→ YOUR ASSIGNMENT
An exact transcription of all the data is required; the pictures are to be left out.

→ DATA EXCERPT
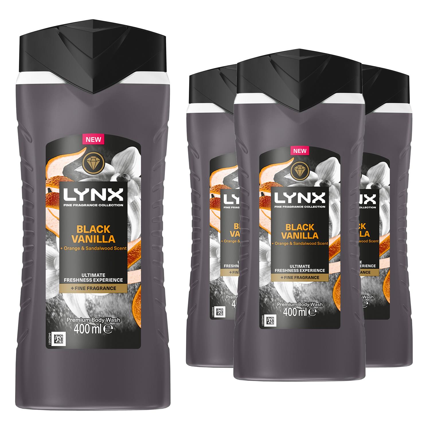 Experience the ultimate freshness with the LYNX Fine Fragrance Collection. Everyone deserves a hype man, so weve made one in body cleanser form. Our world-renowned perfumers have crafted the Black Vanilla Premium Body Wash with an indulgent vanilla, orange and sandalwood scent infused with orange essential oil. Using 2x more freshness-boosting technology than our standard body wash formula, this shower gel kicks odour to the kerb and leaves you smelling irresistibly fresh for up to 12 hours. PETA-Approved Vegan, it contains 100% plant-based moisturisers to hydrate your skin every time you shower. To indulge in a multi-sensory shower experience, squeeze out the LYNX body wash into your hands and work into a rich, creamy lather. Massage it all over your body and rinse thoroughly, revealing clean, fresh-smelling skin. Avoid contact with eyes. Loving the fragrance of our body wash for men? LYNX Black Vanilla is also available as a body spray and deodorant stick to give you 72 hours of top-notch odour protection. This premium body wash comes in a recyclable bottle please, do your part and recycle. By 2025, LYNX aims for all our packaging to be recyclable or to include recycled materials. Welcome to the future. It smells amazing. LYNX.
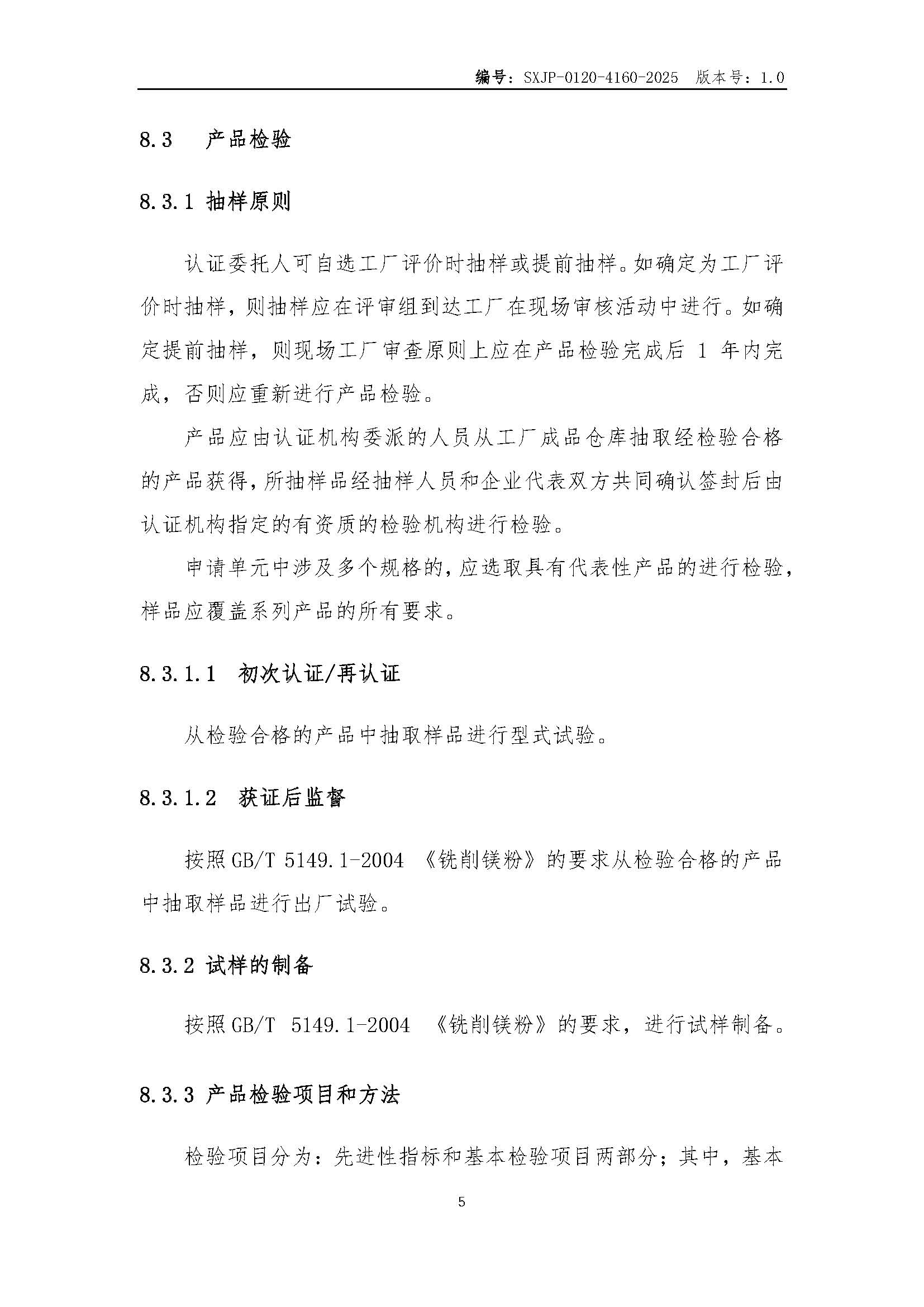 SXJP-0120-4160-2025 “山西精品”認證實施規則 銑削鎂粉
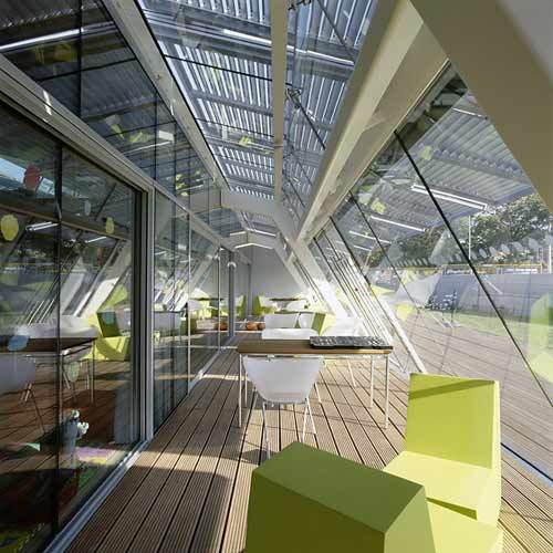 Atmosphärische Wärme in den Arbeitsräumen des Unterrichts wird durch die helle Holzuntersicht der Decken und Holzböden erzeugt, durch farbige Gläser zur Garderobe und durch verschiedenfarbig tapezierte Polstermöbel, mit denen die Rückzugszonen der Klassen, die in der Gruppenarbeit mit Behinderten unverzichtbar sind, möbliert wurden. Der Luxus optimierter Arbeitsbedingungen liegt in den Wintergärten und Terrassen, die jedem Raum mit Südorientierung vorgelagert sind. Entwickelt seinerzeit aus der Forderung nach Niedrigenergiestandard, sind sie nun Rückzugsort und Abwechslung und kommen dem Bewegungsdrang behinderter Kinder entgegen.

→ REPLY
 Experience the ultimate freshness with the LYNX Fine Fragrance Collection. Everyone deserves a hype man, so weve made one in body cleanser form. Our world-renowned perfumers have crafted the Black Vanilla Premium Body Wash with an indulgent vanilla, orange and sandalwood scent infused with orange essential oil. Using 2x more freshness-boosting technology than our standard body wash formula, this shower gel kicks odour to the kerb and leaves you smelling irresistibly fresh for up to 12 hours. PETA-Approved Vegan, it contains 100% plant-based moisturisers to hydrate your skin every time you shower. To indulge in a multi-sensory shower experience, squeeze out the LYNX body wash into your hands and work into a rich, creamy lather. Massage it all over your body and rinse thoroughly, revealing clean, fresh-smelling skin. Avoid contact with eyes. Loving the fragrance of our body wash for men? LYNX Black Vanilla is also available as a body spray and deodorant stick to give you 72 hours of top-notch odour protection. This premium body wash comes in a recyclable bottle please, do your part and recycle. By 2025, LYNX aims for all our packaging to be recyclable or to include recycled materials. Welcome to the future. It smells amazing. LYNX.
 SXJP-0120-4160-2025 “山西精品”認證實施規則 銑削鎂粉
 Atmosphärische Wärme in den Arbeitsräumen des Unterrichts wird durch die helle Holzuntersicht der Decken und Holzböden erzeugt, durch farbige Gläser zur Garderobe und durch verschiedenfarbig tapezierte Polstermöbel, mit denen die Rückzugszonen der Klassen, die in der Gruppenarbeit mit Behinderten unverzichtbar sind, möbliert wurden. Der Luxus optimierter Arbeitsbedingungen liegt in den Wintergärten und Terrassen, die jedem Raum mit Südorientierung vorgelagert sind. Entwickelt seinerzeit aus der Forderung nach Niedrigenergiestandard, sind sie nun Rückzugsort und Abwechslung und kommen dem Bewegungsdrang behinderter Kinder entgegen.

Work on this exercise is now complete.